I use a bronze shotgun brush to clean out threads, same thing, but I put it in a drill. I made a longer attachment to hold the brush snake its way up into the breech threads from the rear.

-DallanC


----------



## Pokesmole (Oct 29, 2016)

Sorry for hijacking the original thread. Last question, got any tips for removing a plug that’s seized in there?


----------



## DallanC (Jan 13, 2009)

Plug off the nipple, stand the gun upright, spray a ton of kroil or some other good penetrating oil down the barrel and let it sit. You may need to remove the barreled action from the stock and apply some heat via a torch... dont get it too hot. Metal expands about .001" per 100F rise in temps

Worst case take it to a machinist who can bore out the plug.

-DallanC


----------



## Brookie (Oct 26, 2008)

breaker bar with a good socket will do the trick


----------



## Critter (Mar 20, 2010)

If you use a socket find a 6 pt one instead of the popular 12 pt ones. 
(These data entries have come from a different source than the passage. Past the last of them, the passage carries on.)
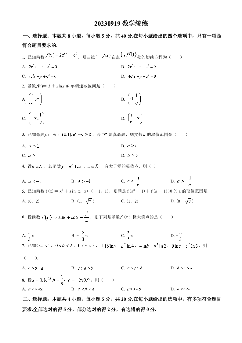 辽宁省大连市第八中学2023-2024学年高三上学期9月月考 数学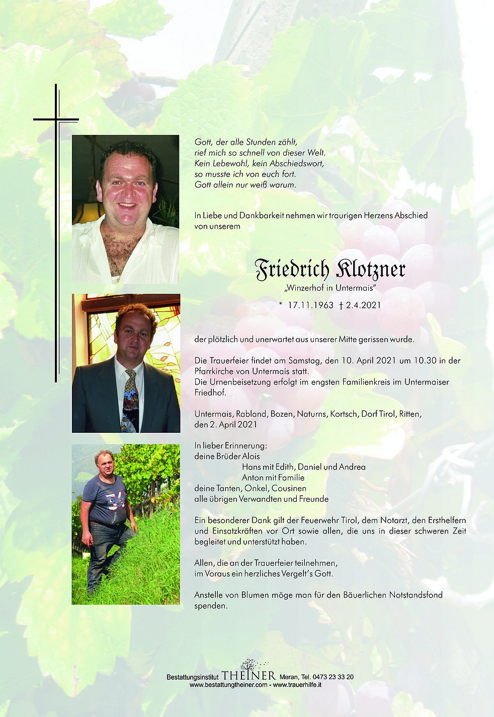 Die Trauerfeier findet am Samstag, den 10. April 2021 um 10.30 in der Pfarrkirche von Untermais statt.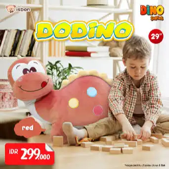 Boneka dinosaurus dodino berwarna merah dan hijau sangat lucu, bahan lembut dan sangat cocok untuk hadiah/kado.
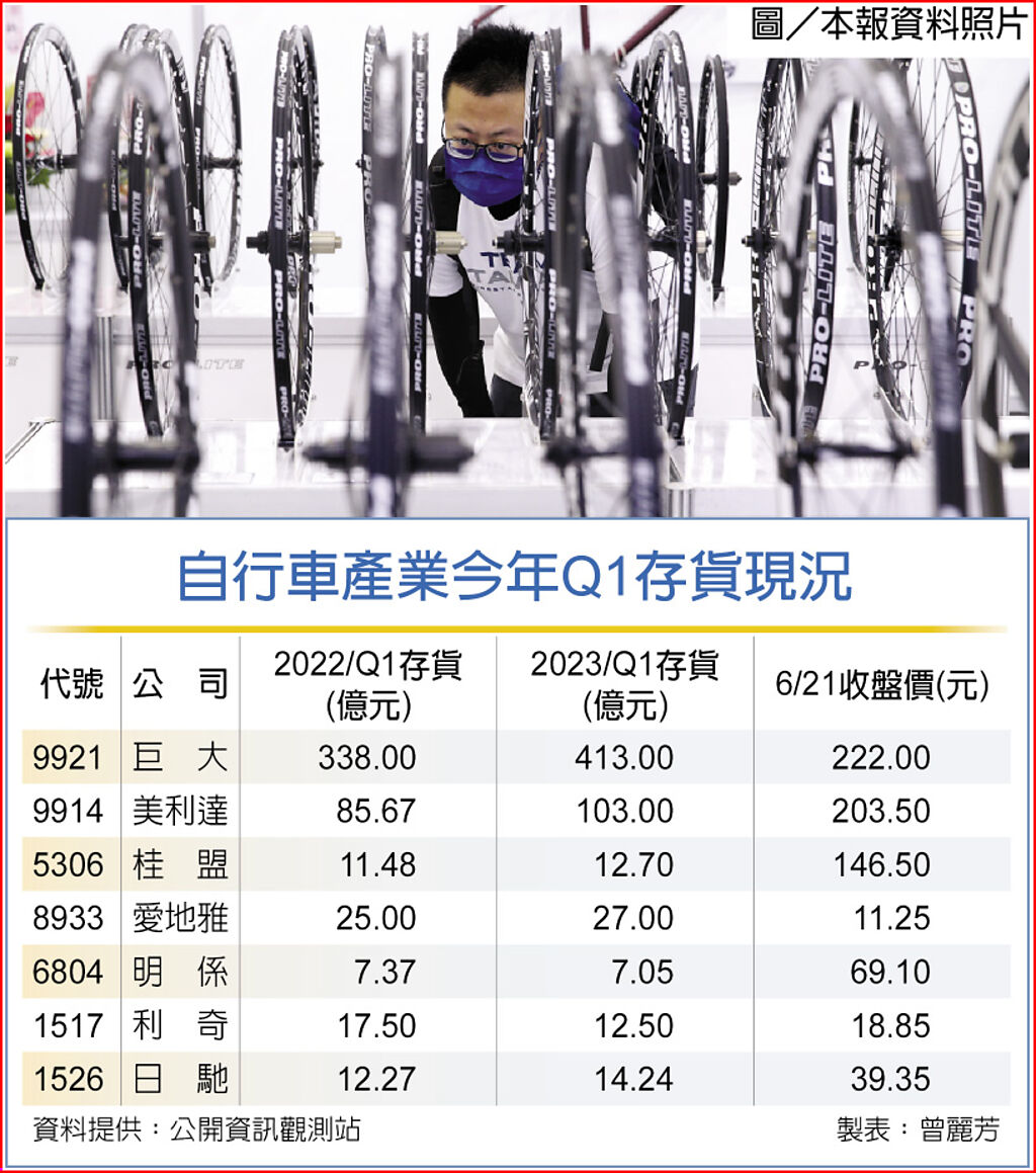 自行車零組件廠方面,包括桂盟、日馳今年Q1存貨均微幅增加,利奇卻有感下降。利奇去年Q1庫存水位原本還在17.5億元,但今年Q1已降到12.5億元,今年前五月預期存貨進一步降到10億元以下。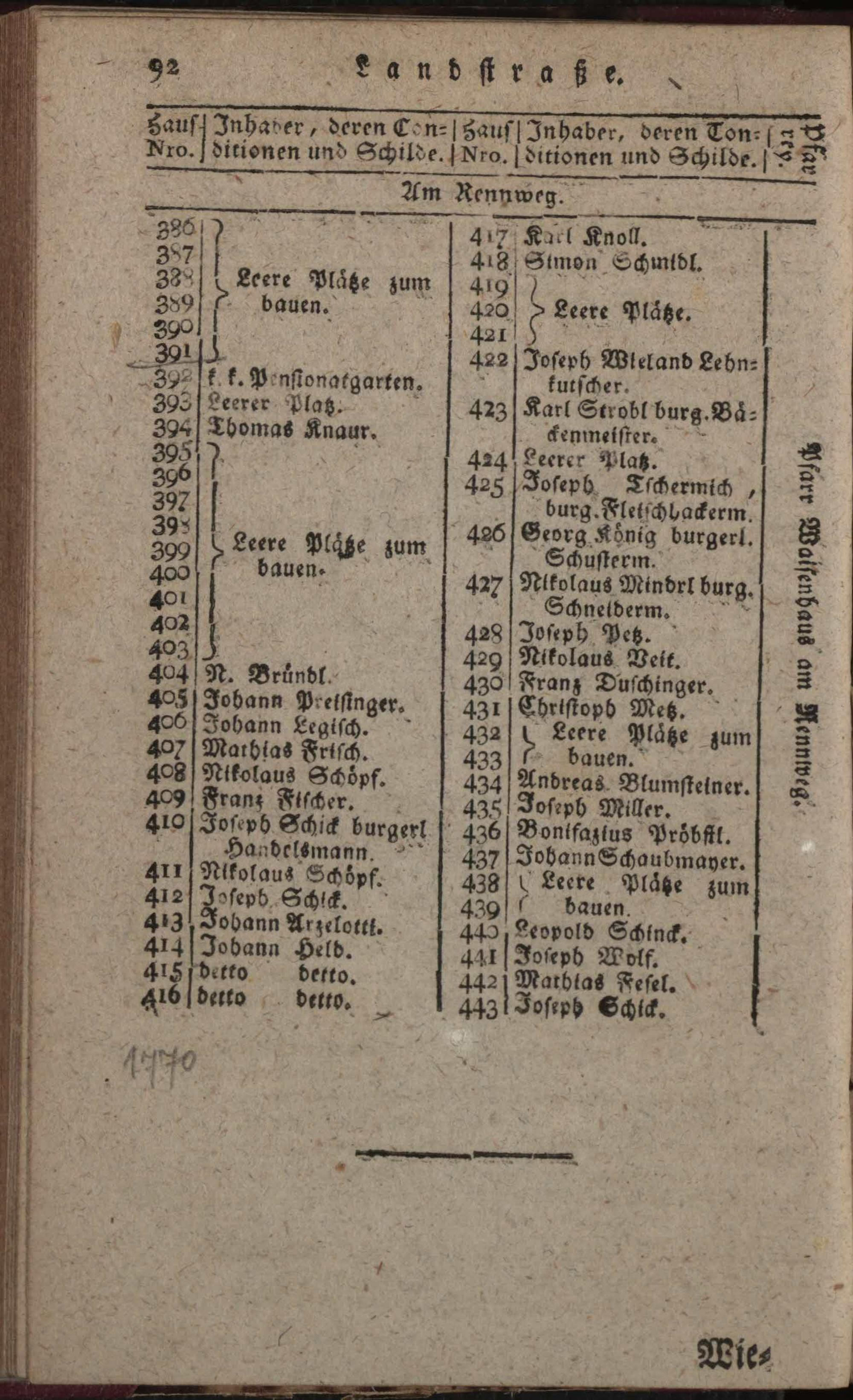 Verzeichniß der in der k. k. Haupt- und Residenzstadt Wien samt den dazu gehörigen Vorstädten und Gründen befindlichen numerirten Häuser, derselben wahrhaften Eigenthümer, deren Konditionen und Schilder : nebst der nach allerhöchster k. k. Verordnung ergangenen neuen Pfarreintheilung ; Auf das genaueste nach den Konskriptions- und herrschaftlichen Grundbüchern von neuem entworfen / von Karl Hofer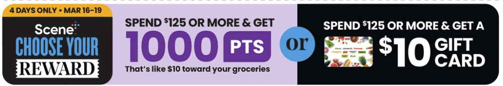 $100 in purchases will give you 1,000 bonus points ($10 value or 10% cash back). Or, 400 Scene+ points are given with a minimum purchase of $50 ($4 or 8% value).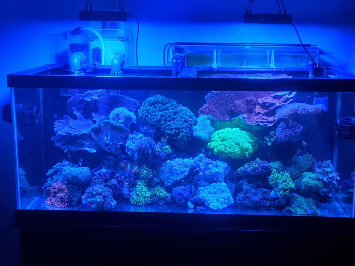 48x18x21 - 75g Reef - Reef Octopus HOB Skimmer - CPR 3 gallon refugium - 2 XR15 Gen5 Radion's- 50 lbs. live rock - 2 VorTec MP40w ES's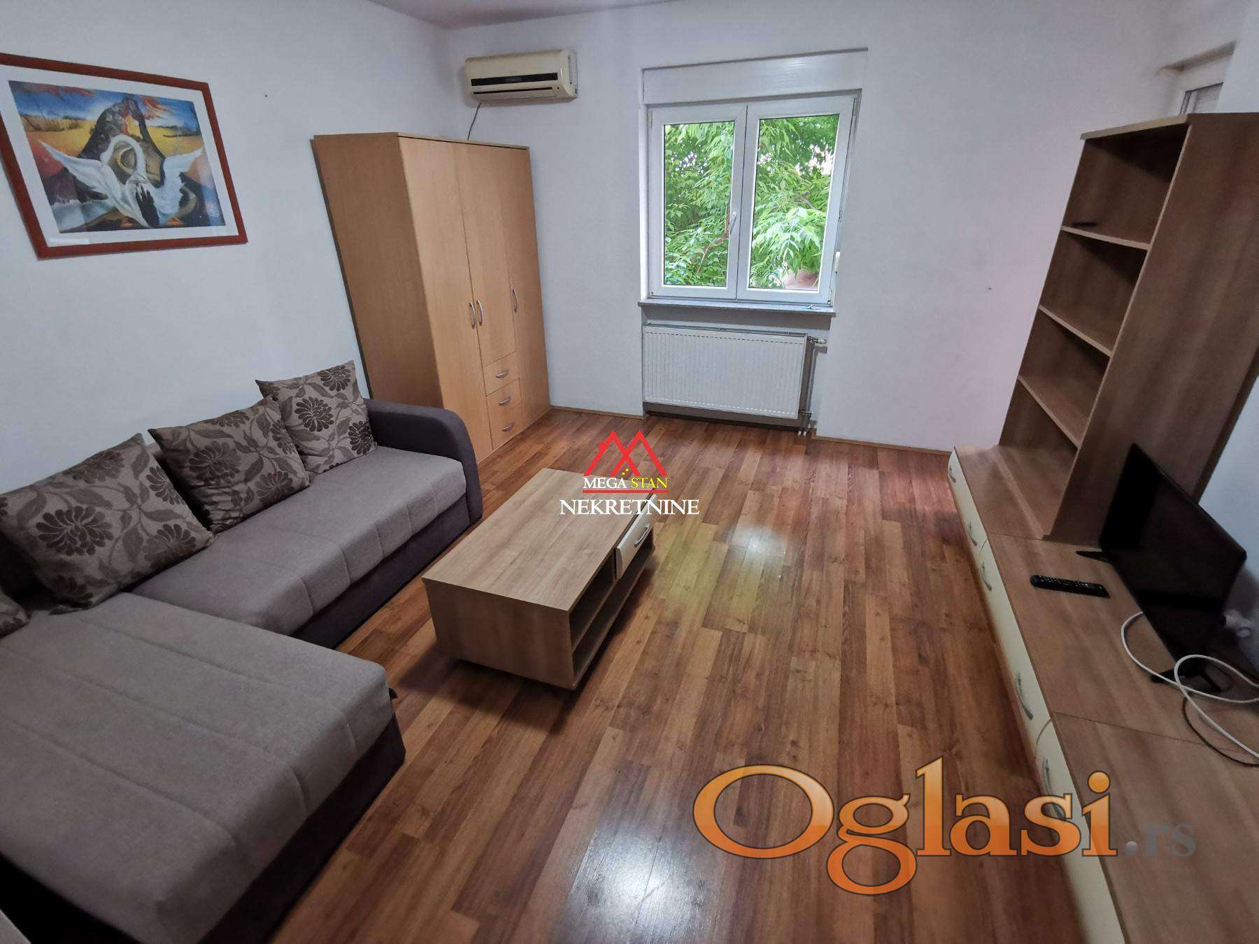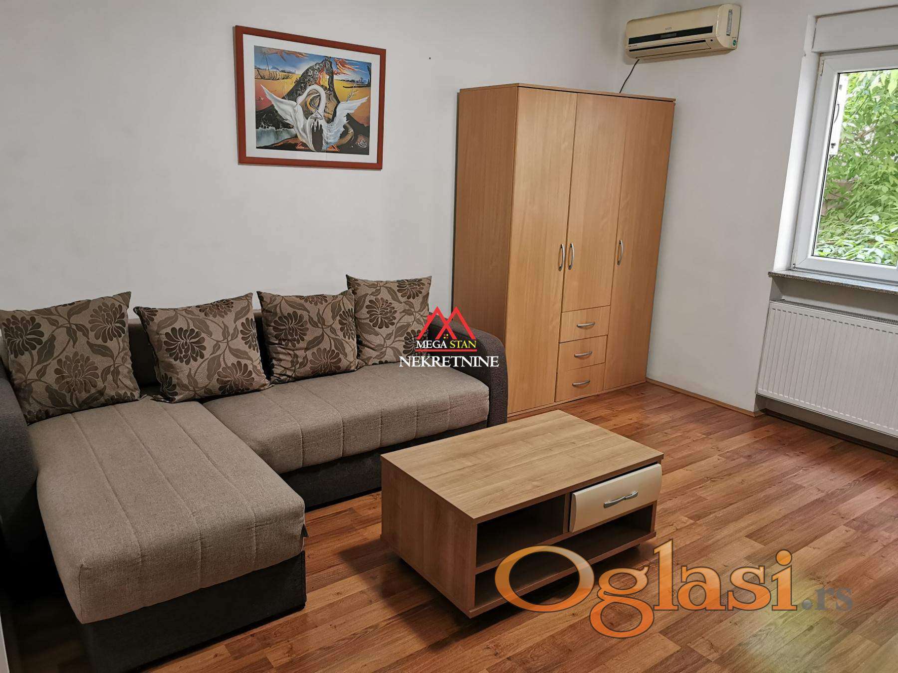 Stan je u potpunosti namešten i opremljen svim neophodnim nameštajem i uređajima za udoban svakodnevni život. Funkcionalnog je rasporeda i pruža prijatan ambijent za boravak.

But if it is really stuck do as Dallan said, only I would let it sit at least 24 hours before trying to remove it.


----------



## Irish Lad (Jun 3, 2008)

DallanC said:


> Yup... and .036" is considered "worn out". When I bought the vent liner conversion kit for my Remington, I also bought the .036 pin gauge they sold. When that can pass through the hole, its considered "worn out" and accuracy suffers.
> 
> -DallanC



Is the flash hole the same size on T/C breech plugs?


----------



## Irish Lad (Jun 3, 2008)

DallanC said:


> Use acetylene torch tip cleaner's. pick a size just smaller than the hole and lightly scrape out the fouling. DO NOT REMOVE METAL! Just light abrasion against the buildup to remove it.
> 
> 
> 
> ...


I picked up the tip cleaners today at Home Depot. Thanks


----------